Exercise requirements —
In the records below, the lines between the one holding "AK Louny, Strassenpartie" and the one holding "3d model Orthodox", inclusive, are to be transcribed exactly; no pictures are to be included.

Supplied data —
· · · · ·

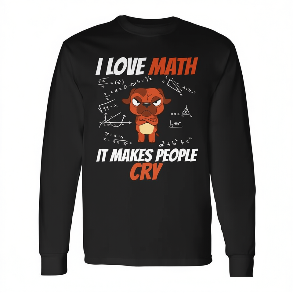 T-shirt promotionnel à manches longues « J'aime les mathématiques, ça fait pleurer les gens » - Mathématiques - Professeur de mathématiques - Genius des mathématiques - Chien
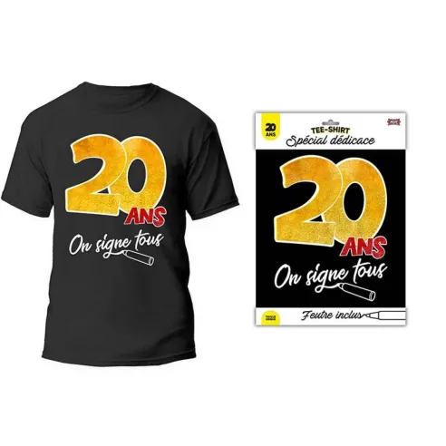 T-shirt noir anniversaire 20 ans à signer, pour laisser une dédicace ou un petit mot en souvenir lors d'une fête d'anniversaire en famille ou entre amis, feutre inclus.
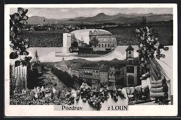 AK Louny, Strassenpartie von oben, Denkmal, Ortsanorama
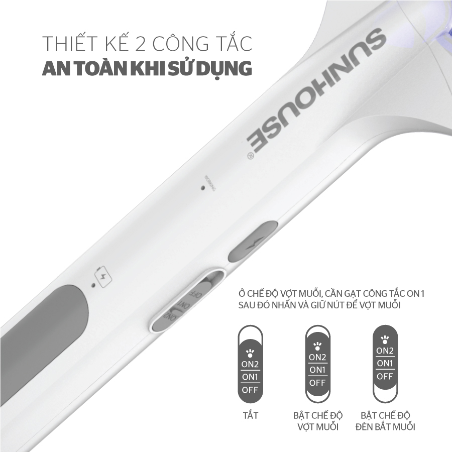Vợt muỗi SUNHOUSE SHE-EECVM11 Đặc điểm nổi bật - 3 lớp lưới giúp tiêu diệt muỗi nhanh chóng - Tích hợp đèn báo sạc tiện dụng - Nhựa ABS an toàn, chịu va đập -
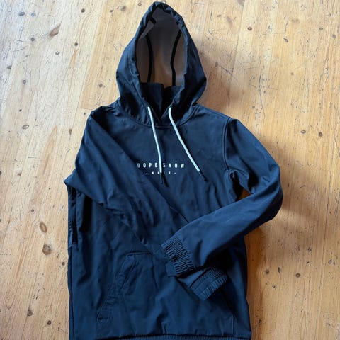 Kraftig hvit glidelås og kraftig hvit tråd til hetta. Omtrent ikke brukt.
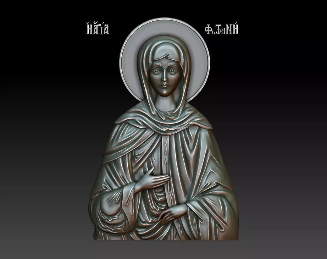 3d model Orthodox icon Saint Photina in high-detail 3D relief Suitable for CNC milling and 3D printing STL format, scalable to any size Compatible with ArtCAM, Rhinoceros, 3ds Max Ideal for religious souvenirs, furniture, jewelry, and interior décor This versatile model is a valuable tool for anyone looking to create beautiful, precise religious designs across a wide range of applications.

· · · · ·

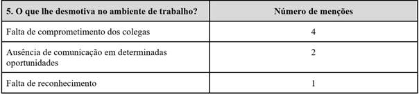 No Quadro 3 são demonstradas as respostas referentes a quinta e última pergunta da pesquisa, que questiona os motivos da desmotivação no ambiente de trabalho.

· · · · ·

Expected answer —
 AK Louny, Strassenpartie von oben, Denkmal, Ortsanorama
Vợt muỗi SUNHOUSE SHE-EECVM11 Đặc điểm nổi bật - 3 lớp lưới giúp tiêu diệt muỗi nhanh chóng - Tích hợp đèn báo sạc tiện dụng - Nhựa ABS an toàn, chịu va đập -
 Kraftig hvit glidelås og kraftig hvit tråd til hetta. Omtrent ikke brukt.
 3d model Orthodox icon Saint Photina in high-detail 3D relief Suitable for CNC milling and 3D printing STL format, scalable to any size Compatible with ArtCAM, Rhinoceros, 3ds Max Ideal for religious souvenirs, furniture, jewelry, and interior décor This versatile model is a valuable tool for anyone looking to create beautiful, precise religious designs across a wide range of applications.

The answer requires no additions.